[WHAT IS EXPECTED] What is needed is a word-for-word copy of the lines below from the one with "Skyddande silikonskal med" through the one with "You will receive", both included, with every picture left out.

[SUPPLIED MATERIAL]
*** Block opens ***
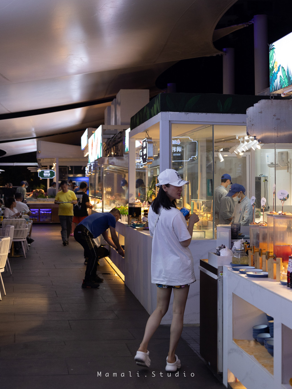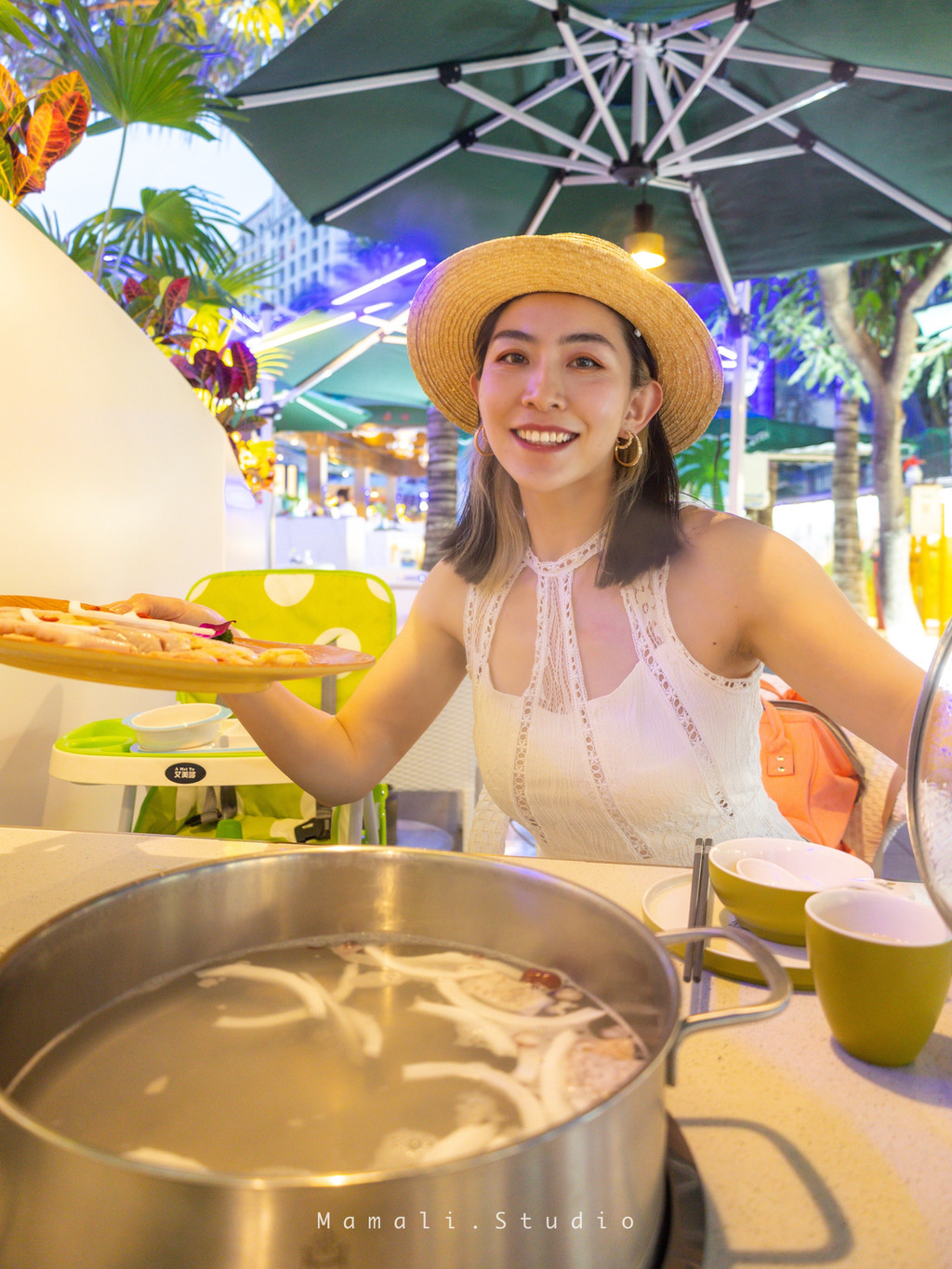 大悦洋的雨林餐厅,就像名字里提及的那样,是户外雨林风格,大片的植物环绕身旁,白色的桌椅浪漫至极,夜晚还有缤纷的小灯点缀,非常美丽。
*** Block closes ***
*** Block opens ***
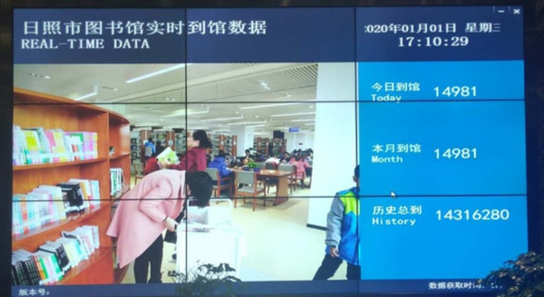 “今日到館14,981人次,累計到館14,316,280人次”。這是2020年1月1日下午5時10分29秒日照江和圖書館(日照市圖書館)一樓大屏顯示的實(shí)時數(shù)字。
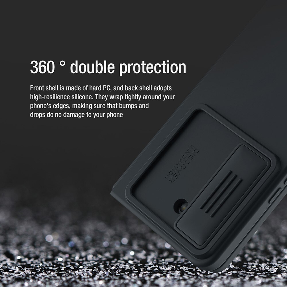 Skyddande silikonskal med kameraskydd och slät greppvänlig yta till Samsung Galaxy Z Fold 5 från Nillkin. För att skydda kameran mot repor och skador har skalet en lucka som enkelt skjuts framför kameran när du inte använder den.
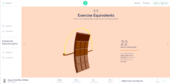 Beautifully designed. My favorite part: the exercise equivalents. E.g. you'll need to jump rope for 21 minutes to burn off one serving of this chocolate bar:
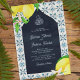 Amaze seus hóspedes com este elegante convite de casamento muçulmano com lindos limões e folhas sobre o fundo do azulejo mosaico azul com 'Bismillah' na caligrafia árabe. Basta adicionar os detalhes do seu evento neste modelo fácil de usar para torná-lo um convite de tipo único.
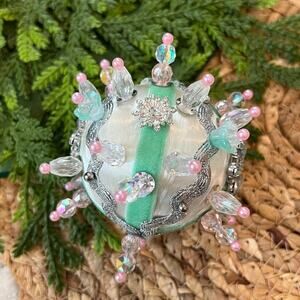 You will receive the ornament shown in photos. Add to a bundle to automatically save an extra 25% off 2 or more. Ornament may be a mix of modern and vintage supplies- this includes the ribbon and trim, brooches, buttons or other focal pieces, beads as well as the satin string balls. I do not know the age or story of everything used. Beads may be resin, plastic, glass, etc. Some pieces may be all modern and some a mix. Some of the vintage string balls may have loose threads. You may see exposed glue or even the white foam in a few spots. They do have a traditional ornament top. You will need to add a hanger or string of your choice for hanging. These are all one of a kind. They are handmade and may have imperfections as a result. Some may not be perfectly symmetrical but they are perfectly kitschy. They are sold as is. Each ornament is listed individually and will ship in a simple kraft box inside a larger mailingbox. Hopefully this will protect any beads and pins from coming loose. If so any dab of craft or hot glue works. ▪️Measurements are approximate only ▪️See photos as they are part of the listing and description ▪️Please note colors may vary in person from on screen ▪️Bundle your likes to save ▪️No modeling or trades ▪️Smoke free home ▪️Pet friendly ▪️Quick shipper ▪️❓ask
*** Block closes ***
[EXPECTED ANSWER]
 Skyddande silikonskal med kameraskydd och slät greppvänlig yta till Samsung Galaxy Z Fold 5 från Nillkin. För att skydda kameran mot repor och skador har skalet en lucka som enkelt skjuts framför kameran när du inte använder den.
 Beautifully designed. My favorite part: the exercise equivalents. E.g. you'll need to jump rope for 21 minutes to burn off one serving of this chocolate bar:
 Amaze seus hóspedes com este elegante convite de casamento muçulmano com lindos limões e folhas sobre o fundo do azulejo mosaico azul com 'Bismillah' na caligrafia árabe. Basta adicionar os detalhes do seu evento neste modelo fácil de usar para torná-lo um convite de tipo único.
 You will receive the ornament shown in photos. Add to a bundle to automatically save an extra 25% off 2 or more. Ornament may be a mix of modern and vintage supplies- this includes the ribbon and trim, brooches, buttons or other focal pieces, beads as well as the satin string balls. I do not know the age or story of everything used. Beads may be resin, plastic, glass, etc. Some pieces may be all modern and some a mix. Some of the vintage string balls may have loose threads. You may see exposed glue or even the white foam in a few spots. They do have a traditional ornament top. You will need to add a hanger or string of your choice for hanging. These are all one of a kind. They are handmade and may have imperfections as a result. Some may not be perfectly symmetrical but they are perfectly kitschy. They are sold as is. Each ornament is listed individually and will ship in a simple kraft box inside a larger mailingbox. Hopefully this will protect any beads and pins from coming loose. If so any dab of craft or hot glue works. ▪️Measurements are approximate only ▪️See photos as they are part of the listing and description ▪️Please note colors may vary in person from on screen ▪️Bundle your likes to save ▪️No modeling or trades ▪️Smoke free home ▪️Pet friendly ▪️Quick shipper ▪️❓ask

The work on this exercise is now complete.